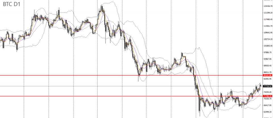 比特币昨日延续上行,升破前高,日线RSI位于50上方,4小时立于上行趋势线之上,短线趋势再度转强,如站上80000大关,后市有望挑战84000附近。
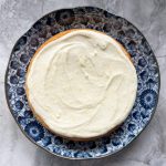 For the icing – whisk everything except for the lemon strips together in a large bowl until smooth. Place one cake layer on your serving platter and spread on half of the icing – it doesn’t all need to be covered, it looks lovely when it just starts to spill over the sides. Top with the second cake layer and spread on the rest of the icing, topping with some lemon rind if you wish.
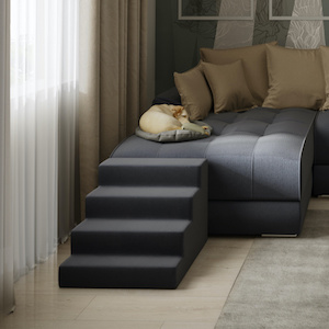 Лестница изготавливается в цвет дивана. Выполнена из ППУ, предназначен для животных до 5 кг.

→ Task
Your copy of the data above should match it exactly, apart from the images.

→ Your response
 比特币昨日延续上行,升破前高,日线RSI位于50上方,4小时立于上行趋势线之上,短线趋势再度转强,如站上80000大关,后市有望挑战84000附近。
 For the icing – whisk everything except for the lemon strips together in a large bowl until smooth. Place one cake layer on your serving platter and spread on half of the icing – it doesn’t all need to be covered, it looks lovely when it just starts to spill over the sides. Top with the second cake layer and spread on the rest of the icing, topping with some lemon rind if you wish.
 Лестница изготавливается в цвет дивана. Выполнена из ППУ, предназначен для животных до 5 кг.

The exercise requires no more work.